Like Indium. And antimony. Beryllium. Gallium. Germanium. Tungsten. Lanthanum. Tantalum. Neodymium. Niobium. Rhenium. Cobalt. Tantalum. Even familiar platinum, silver, and chromium. Even humble graphite.It plans to build itself an economy powered by this energy and then just sit back and watch the United States run out of gas.
This strategy doesn’t only consist in establishing a monopoly on key raw materials, though this is its hardest point of ultimate leverage. China also aims to dominate the industries that convert these materials into green energy products. It is using price competition to squeeze out the American solar industry, for example, which it hopes to dominate as Japan now dominates consumer electronics
If China’s master plan reaches even partial fruition, it will gain a gigantic economic advantage over the U.S. Americans will be left struggling with $10/gallon gasoline and its likely inflationary and recessionary consequences. Our living standard will be hobbled for decades.
And if China’s master plan reaches its full fruition, the game is simply over for us as a superpower. Indeed, under some scenarios, it may well be over for us as a developed nation.
This is grand strategy on a civilizational scale.
It is possible that economic and military decline will prove mutually reinforcing. If the world decisively moves—as it is already gradually moving—away from market allocation of natural resources to political allocation and so-called resource nationalism, then the inability to project sufficient power to guarantee access to key resources will itself curtail that access, weakening the economy that supports that military strength.

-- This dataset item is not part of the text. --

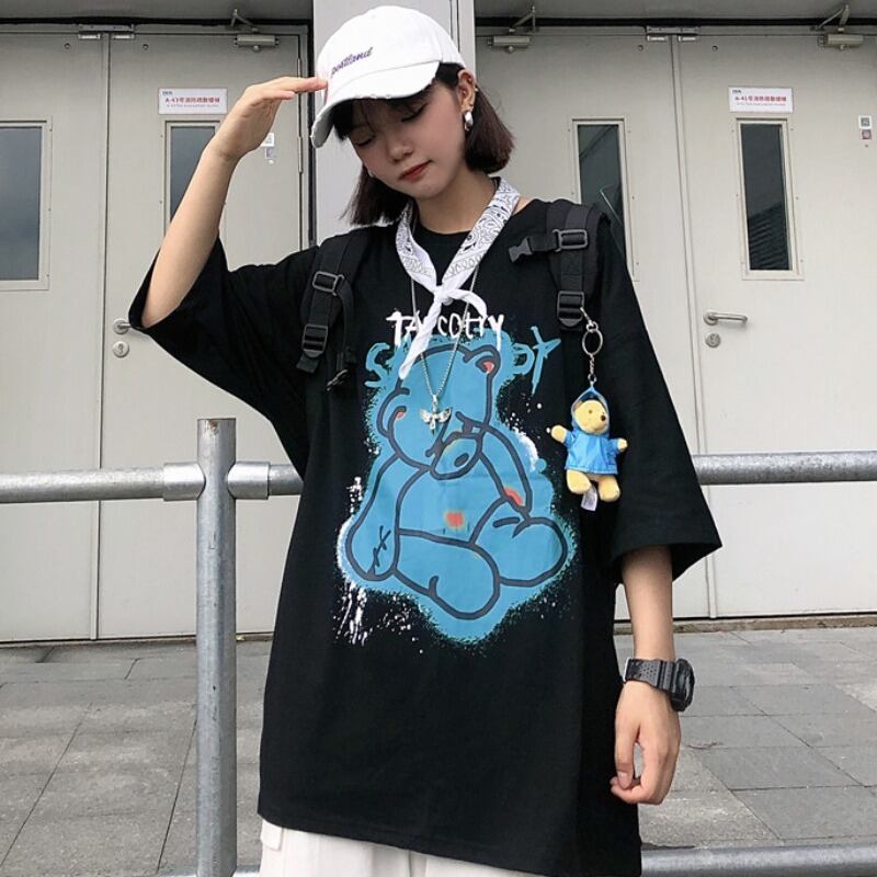 2020年夏の新バージョンinsレトロベアプリントトップスルーズブラックネットレッド半袖Tシャツ女性の潮 Brother_is_Style4755896

There is a huge controversy right now about whether China is sincere about cleaning up its environmental act. The authors argue that in significant part, it is indeed, as evidenced by the fact that China is now the world’s largest producer of green energy technologies.
But they’re not doing it because they’ve joined the Sierra Club. They’re doing it for the same reason they do everything: because it is a component of their plan for advancing national power.
Beijing makes plans in very long increments. They, unlike our own election-cycle worshiping rulers, think through where they want their country to be 100 years from now.
This is why China is busy economically colonizing Africa—now home to an estimated one million Chinese workers—and is making fools of us in Afghanistan, where American military power is currently protecting huge Chinese investments in coal, copper, and other resources.
We, on the other hand, sold off most of our own strategic minerals reserve in 1992, confident that the end of history had arrived and the Soviet Union was the last enemy we would ever face.
We allowed Molycorp’s Mountain Pass mine in California’s Mohave desert—historically one the entire world’s largest sources of rare earths—to be shut down by cheap Chinese competition. We almost allowed China to buy this mine outright in 2005, when it was owned by a subsidiary of Unocal petroleum. We didn’t. So there may be hope for us yet.
Congress passed a strategic minerals bill, the Rare Earths and Critical Materials Revitalization Act, in 2010, albeit a tiny sop compared to Beijing’s grand strategy on the issue. Australia similarly checked a Chinese buyout in 2009.